▸ **Activity**
Print exactly and only the lines that run from the one containing "Stretch organic cotton" through the end of the material, please, omitting pictures.

── Data extract ──

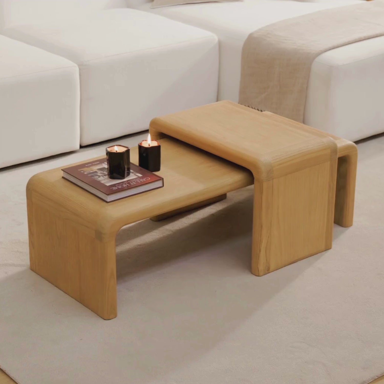 La gran ventaja de este conjunto es su versatilidad: puedes usarlas juntas, superponiendo ligeramente una sobre la otra para crear una composición escalonada como mesa de centro. O bien, utilizarlas por separado, empleando la mesa más pequeña como mesa auxiliar junto a un sillón o sofá.
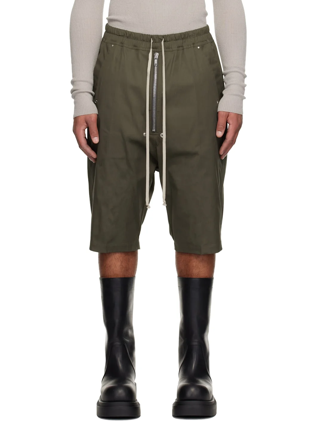 Stretch organic cotton poplin shorts. · Drawstring at elasticized waistband · Four-pocket styling · Exposed zip fly · Rivets, grommets, and press-stud hardware at front · Dropped inseam Supplier color: Bosco 97% cotton, 3% elastane. Made in Italy 252232M193030
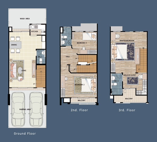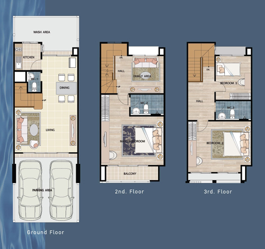 Floor Plan Moon Suite 2. Star Suite - ทาวน์โฮม 3 ชั้น หน้ากว้าง 5.00 เมตร พื้นที่ 20 ตร.วา พื้นที่ใช้สอย 162 ตารางเมตร ขนาด 3 ห้องนอน 3 ห้องน้ำ ที่จอดรถ 2 คัน ห้องนอนใหญ่สไตล์ Penthouse เต็มพื้นที่บนชั้น 3
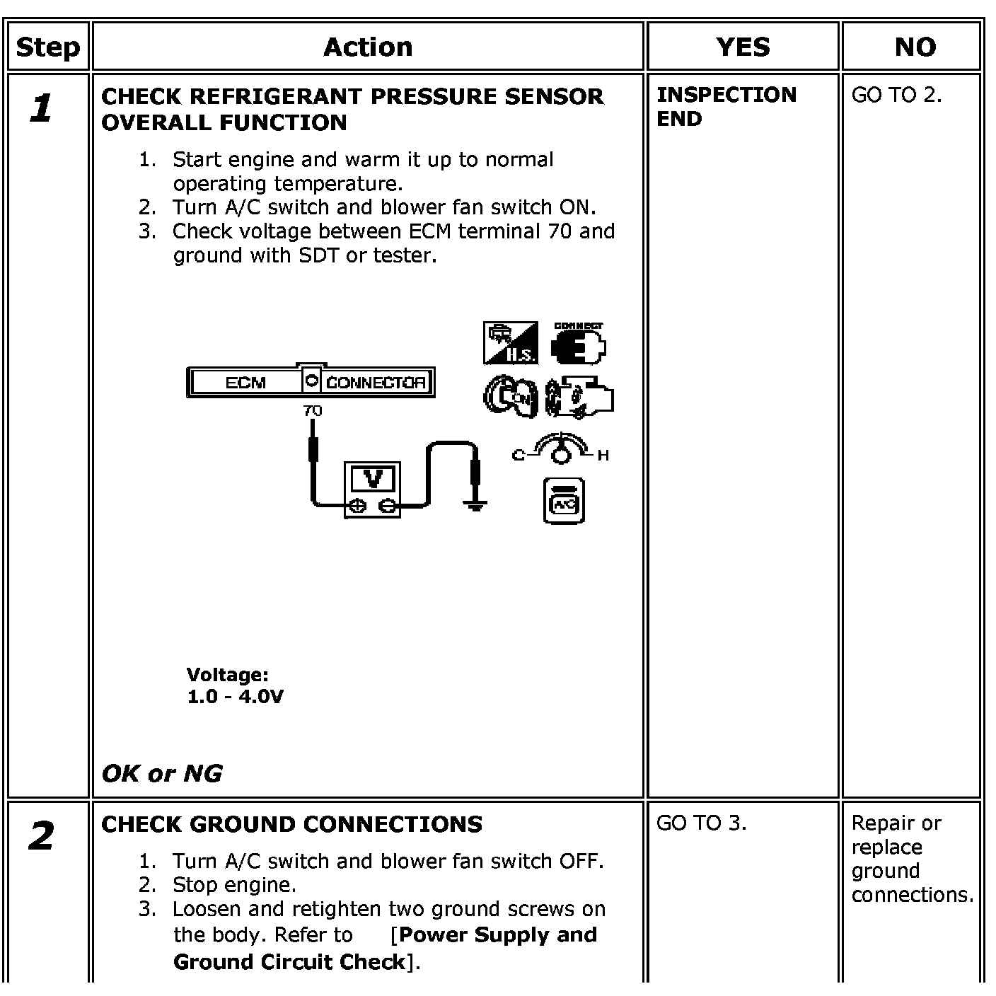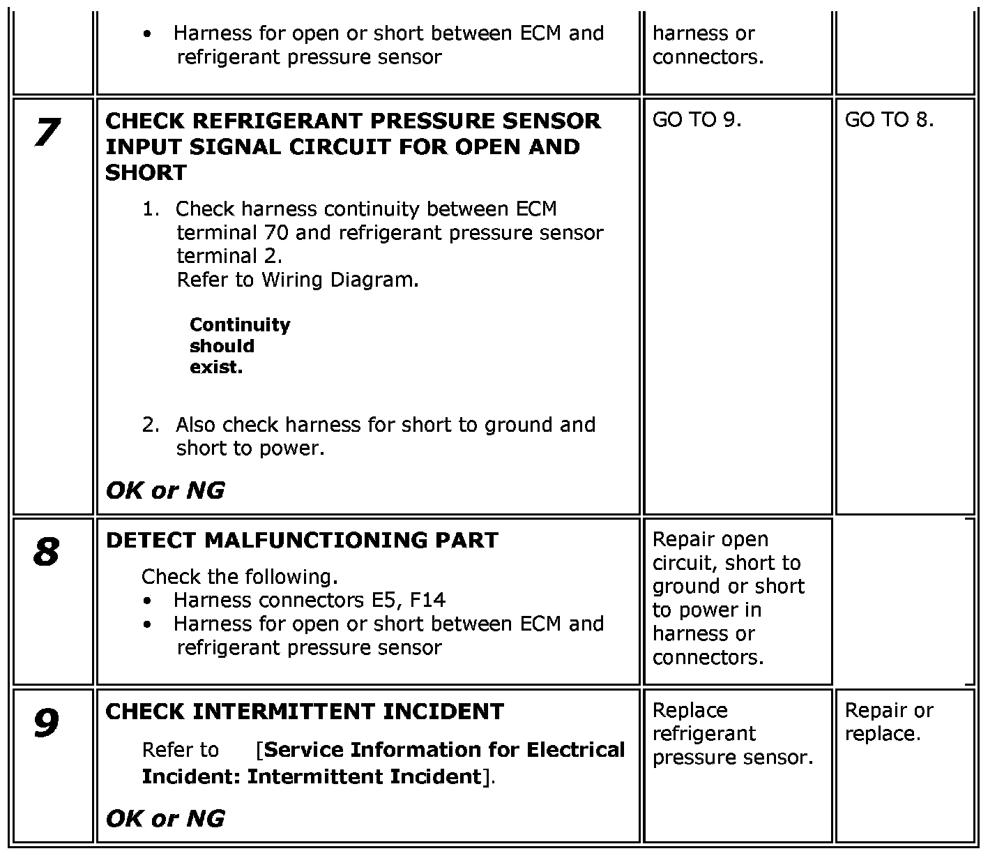 Refrigerant Pressure Sensor / Switch: Testing and Inspection

───

▸ **Reply to the task**
 Stretch organic cotton poplin shorts. · Drawstring at elasticized waistband · Four-pocket styling · Exposed zip fly · Rivets, grommets, and press-stud hardware at front · Dropped inseam Supplier color: Bosco 97% cotton, 3% elastane. Made in Italy 252232M193030
 Floor Plan Moon Suite 2. Star Suite - ทาวน์โฮม 3 ชั้น หน้ากว้าง 5.00 เมตร พื้นที่ 20 ตร.วา พื้นที่ใช้สอย 162 ตารางเมตร ขนาด 3 ห้องนอน 3 ห้องน้ำ ที่จอดรถ 2 คัน ห้องนอนใหญ่สไตล์ Penthouse เต็มพื้นที่บนชั้น 3
 Refrigerant Pressure Sensor / Switch: Testing and Inspection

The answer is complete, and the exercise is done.